Белов недовольно поморщился, но промолчал.
— Можа сказать, фарт тебе подвалил! — прожевывая очередной кусок, воскликнул Терентий. — А ты нос воротишь! Дурень ты, Анисим! И чем Никишка Зыков тебе не жених? Да с Зыковым, если хошь знать, кажен старожилец породниться желат! У Маркел Ипатича карман толще вековой сосны, а ты с анбицией… Гордыня у тебя, Анисим, не по заплатам! О сю пору не уразумею, как энто Зыков к тебе, полетошнику, и сватов заслал?! А ты? Ты им от ворот поворот, вроде, наше вам с кисточкой, Маркел Ипатич! Дурень ты, дурень, Анисим!..
Анисим протяжно вздохнул:
— Зла Татьяне не желаю, поэнтому и не отдал за Никишку Зыкова. Зачем девку на всю жисть в кабалу беспросветную отдавать?
— Во-во… — воздел к потолку костлявый палец Терентий. — Брезговашь много! Презрение обчеству высказываешь… Чё, у тебя пятидесяти целковых не найдется, чтоб за приемный приговор уплатить? Приписался, да и все дела. Полноправный член обчества. Али не надоело полетки платить? Кажен год за одно токмо жительство в селе двадцать целковых отдаешь! А еще с кажной головы скотины по полтине, да с кажных ста копен сена полтину, да за землю пахотну рупь с десятины, да за выпас, водопой, городьбу поскотины, ремонт дорог… Считал аль нет, сколько выходит? Не намаялся по колкам да ямкам опосля старожилов косить?
— Так-то оно так, — пробурчал Анисим. — Зато дышу я слободнее…
— Как был лапотон курский, так и остался! — досадливо махнул рукой Терентий. — Нету в тебе сибирского разумения. Несуразный ты… Вот и лошадь в прошлом годе за двадцать целковых купил, а ей красна цена — пятнадцать.

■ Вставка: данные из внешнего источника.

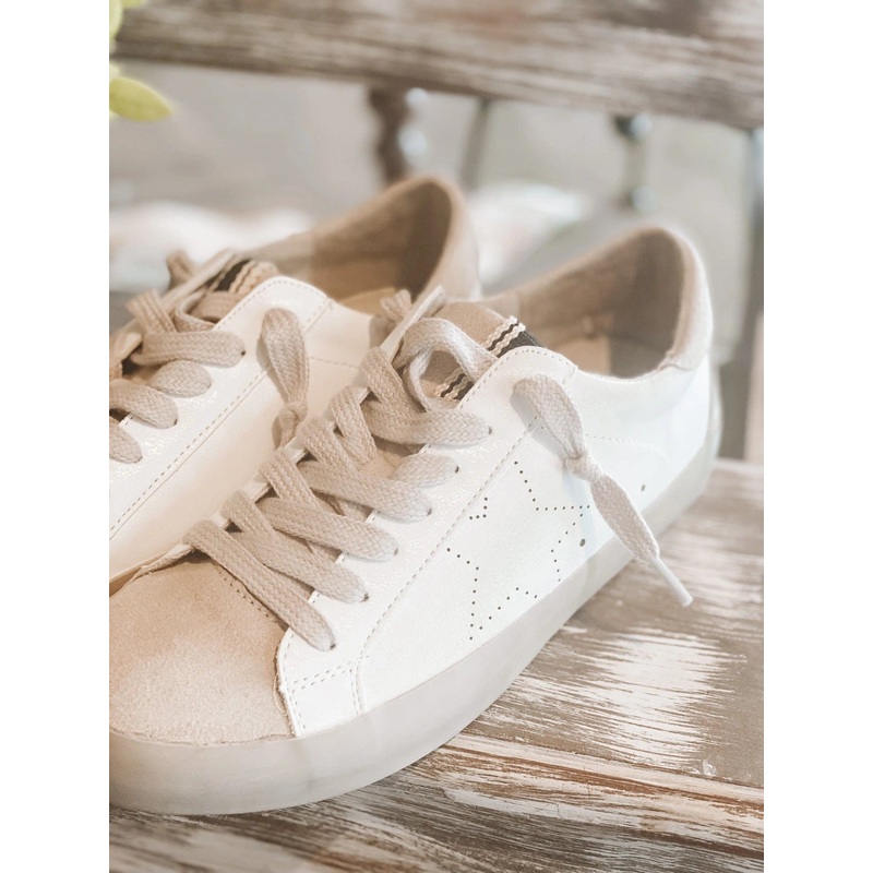 Star Print Classic Basketball SneakerMia Star SneakerInspired by classic basketball sneakers, the Mia Star Sneaker will pair with everything from shorts to dresses. With a chunky, cushion sole, this round-toe is sturdy and oh so cute.Pair these vintage sne
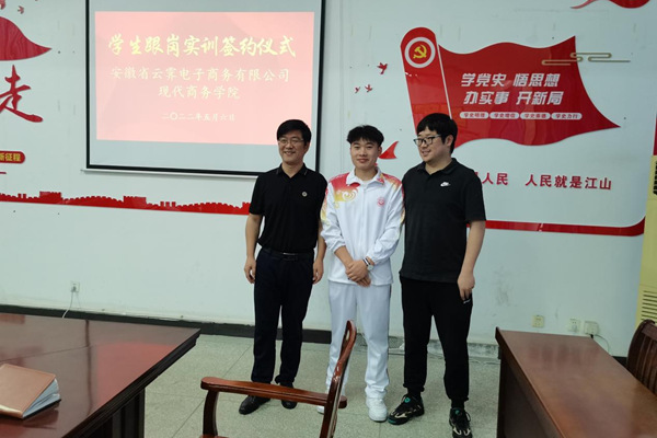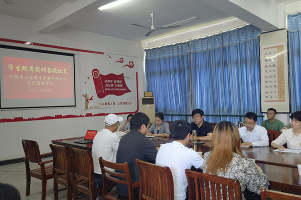 5月6日上午,安慶職業(yè)技術(shù)學(xué)院現(xiàn)代商務(wù)學(xué)院在3號教學(xué)樓510會議室,與安徽省云霽電子商務(wù)有限公司隆重舉辦20級電子商務(wù)專業(yè)學(xué)生跟崗實習(xí)簽約儀式,標(biāo)志著學(xué)院在校企合作和教學(xué)改革開啟了新篇章。現(xiàn)代商務(wù)學(xué)院黨總支班子成員、電子商務(wù)專業(yè)教師代表、輔導(dǎo)員及10名學(xué)生代表出席儀式,云霽電商公司總經(jīng)理程賽超一行四人出席了簽約儀式。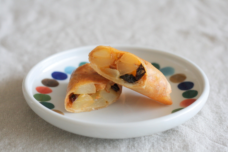 - 春巻きの皮に3をのせて包み、巻き終わりにのりをして結着する。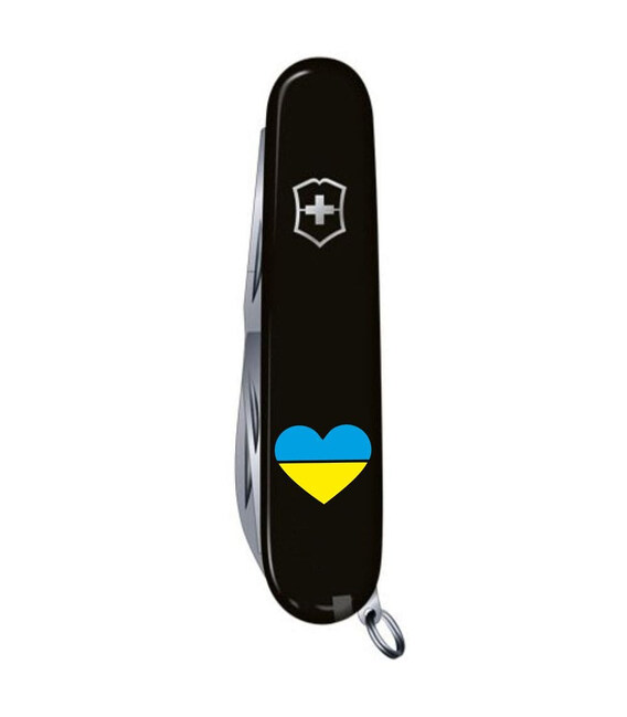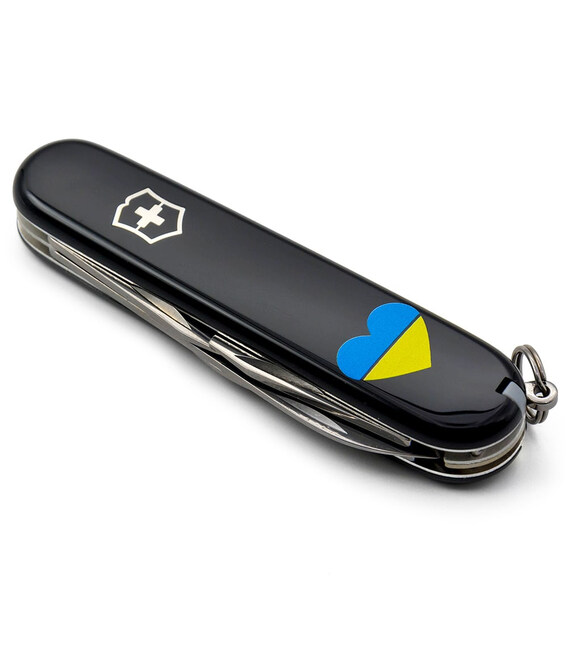 Складаний швейцарський ніж Victorinox SPARTAN UKRAINE 91мм / 12 функцій / чорні накладки / штопор / Серце синьо-жовте
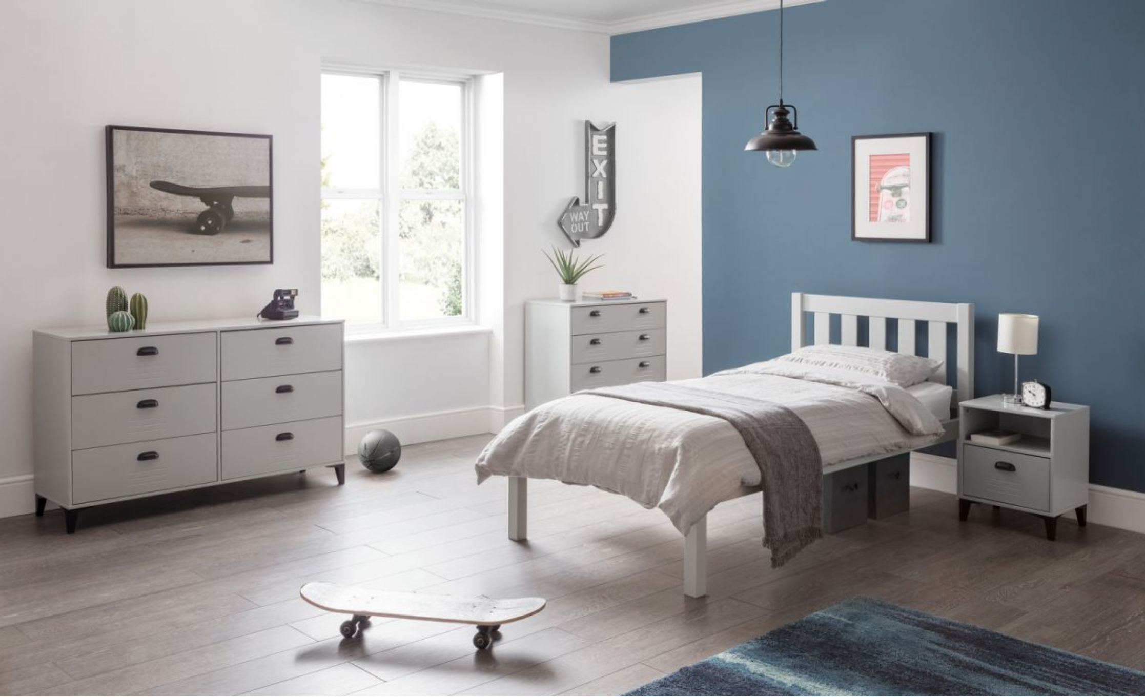 Crafted from solid pine and MDF in a metal effect grey lacquer with black metal effect legs and handles, the Makers chest of drawers features ventilation detailing to resemble a vintage locker effect. Perfect for a range of modern, retro bedrooms.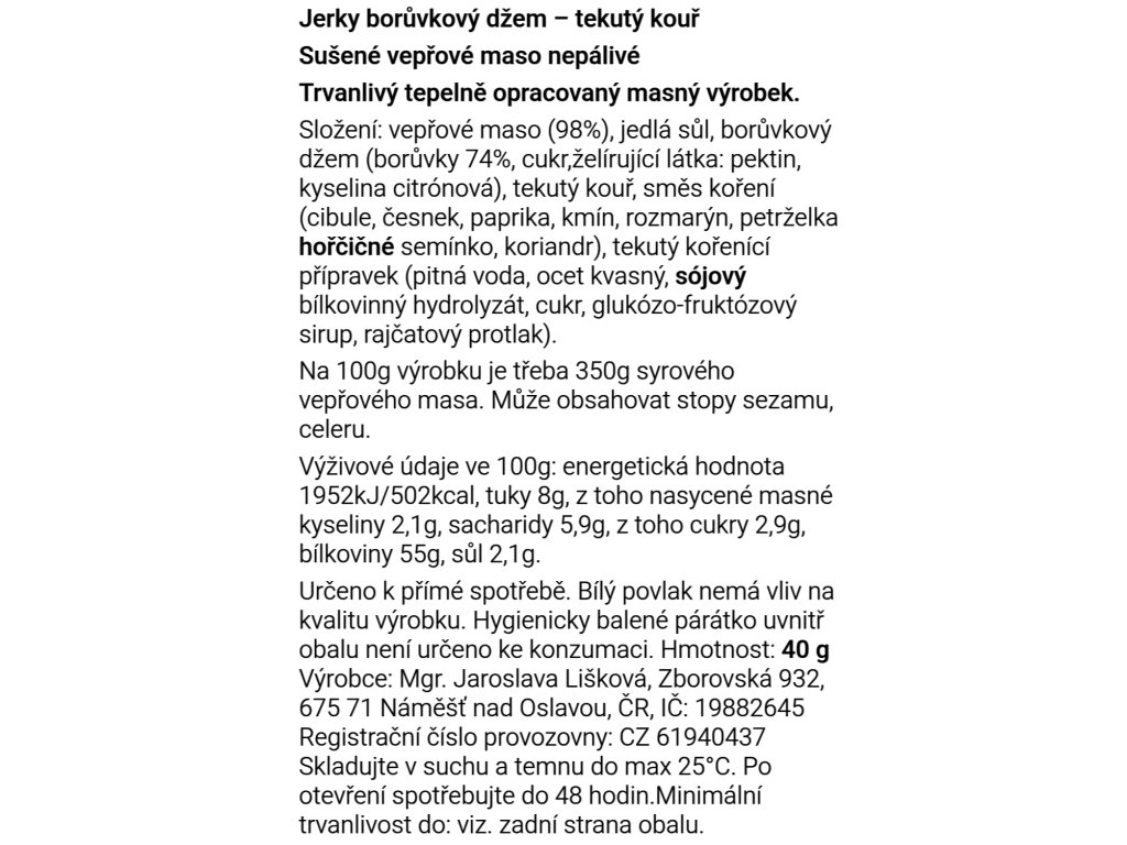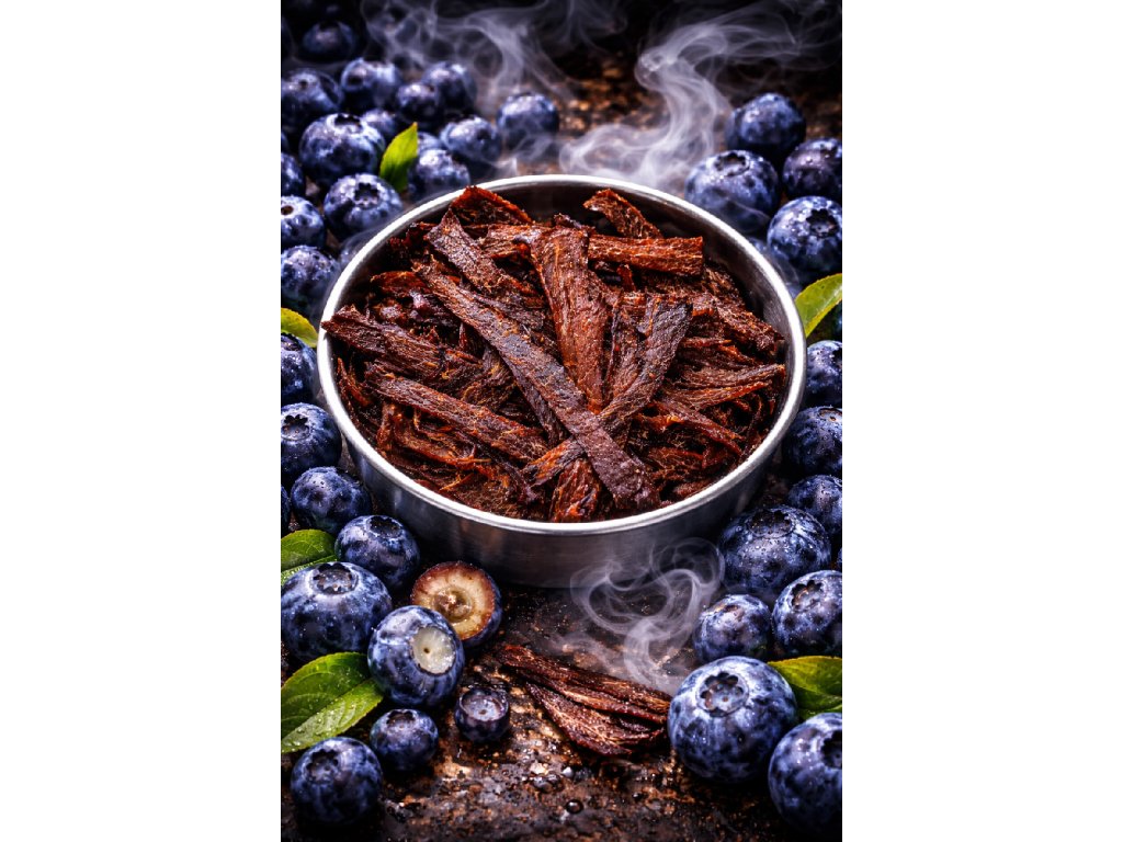 Maso je sušeno tak, aby si zachovalo svou šťavnatost a pevnou strukturu. Borůvkový džem dodává Jerky kulatost a jemnost, zatímco tekutý kouř přináší decentní, nevtíravé aroma grilu bez přehnané intenzity.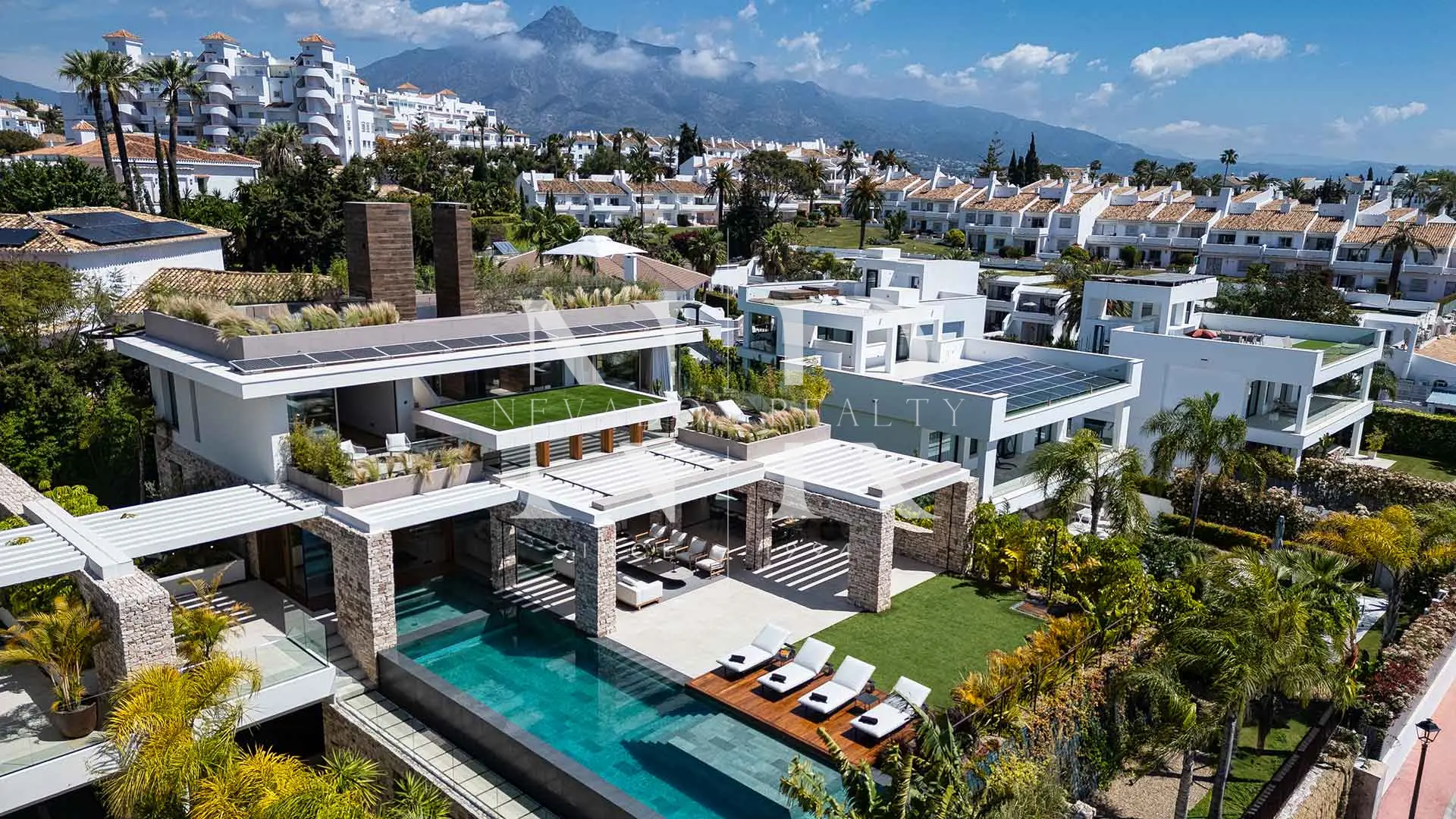 Villa au design unique à Nueva Andalucia à vendre. Découvrez cette superbe villa au style unique à Nueva Andalucía, située à proximité de Puerto Banús et à quelques minutes de marche d’un grand nombre de commodités. Cette propriété se distingue par son design élégant et moderne, sur un terrain de près de mille mètres carrés.

Правду говорят: переселенец что младенец;… Уважил бы старичков, Зыкова, к примеру, али Кунгурова с Мануйловым, выставил бы ведерко винца, поменьше бы за приписку взяли…
Белов раздумчиво почесал бороду:
— Каждому поклоны отдавать — шею свихнешь. Смолоду не кланялся, а уж под старость не буду навыкать.
Терентию показалось, что Анисим намекает на его близкие отношения со старожильцами, и он скривился:
— Во-во. Все анби-и-цию показывашь.
— Да я не к тому. На кой хрен мне энто ярмо? Припишись, так затаскают. Первым делом на должность выберут, а потом — то на сходы, то тот же староста Мануйлов холоду нагонит.
— Дык другие мужики, чё с тобой из Расеи пришли, приписались, и ничё, живут! Уж Коробкин Кузьма на чё маломочный, а и тот. И обчество к нему с уважением, в стражники на сходе выбрали.
— Еще не хватало урядниковым подручником быть, — поморщился Анисим.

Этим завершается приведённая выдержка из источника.